Procedure for preparation:


Step 1: Boil the lentils, until it cooked for 3/4 and keep it aside.

Step 2: keep the pressure pan on stove, pour 2tbsp of oil, put 2tbsp of finely chopped onion and 2tbsp of finely chopped tomato, 1 green chilli finely chopped and fry it few minutes, then put 2tbsp of chilli powder, 1 tbsp coriander powder and 1 tbsp of garam masala and pour little water on it, and close the pan. Allow for 1 whistle in cooker, since its an minced meat, it gets cooked quickly.

Step 3: keep another pan, pour little oil, add remaining chopped onion and chopped tomato into the pan and fry it, add chopped carrot and beans in the pan and fry it, then add pressure cooked minced meat and fry it for few minutes, then pour the motton stock cooked in the pressure cooker. cook it until minced meat and vegetables get cooked, it will be like light gravy form.
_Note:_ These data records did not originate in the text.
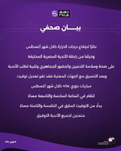 أصدرت رابطة الأندية منذ قليل بيان بشأن تغيير المواعيد في جدول مباريات الدوري المصري الممتاز وذلك نظراً لارتفاع درجات الحرارة لتكون المباريات في هذا التوقيت الساعة السادسة والتاسعة بدلاً من الخامسة والثامنة.
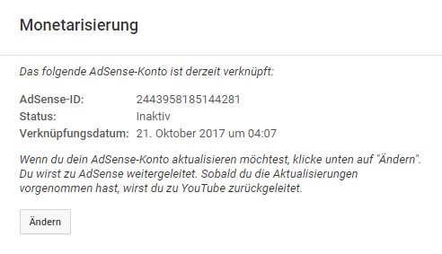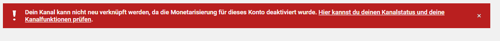 @YouTube @YTCreators Bei meinem Kanal wurde die Monetarisierung gesperrt (obwohl ich bisher nie etwas monetarisiert habe...)
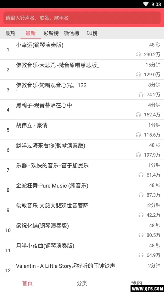 3、设有强大搜索功能,通过关键词可快速查找目标铃声,节省时间便捷获取心仪铃声资源。

step 4: Boil the rice for 10 to 15 minutes, until its cooked 3/4 and drain it.

Step 5:  Heat another pan pour 2tbsp of ghee, then put the gravy as in form of layer, then put the boiled rice in layer, put the rice and gravy in form of layer one after one .

step 6:  Then close the lid, keep the pan in very low flame for 10 15 minutes, then the dish will be cooked and ready completely. before serving garnish the rice with fried onion.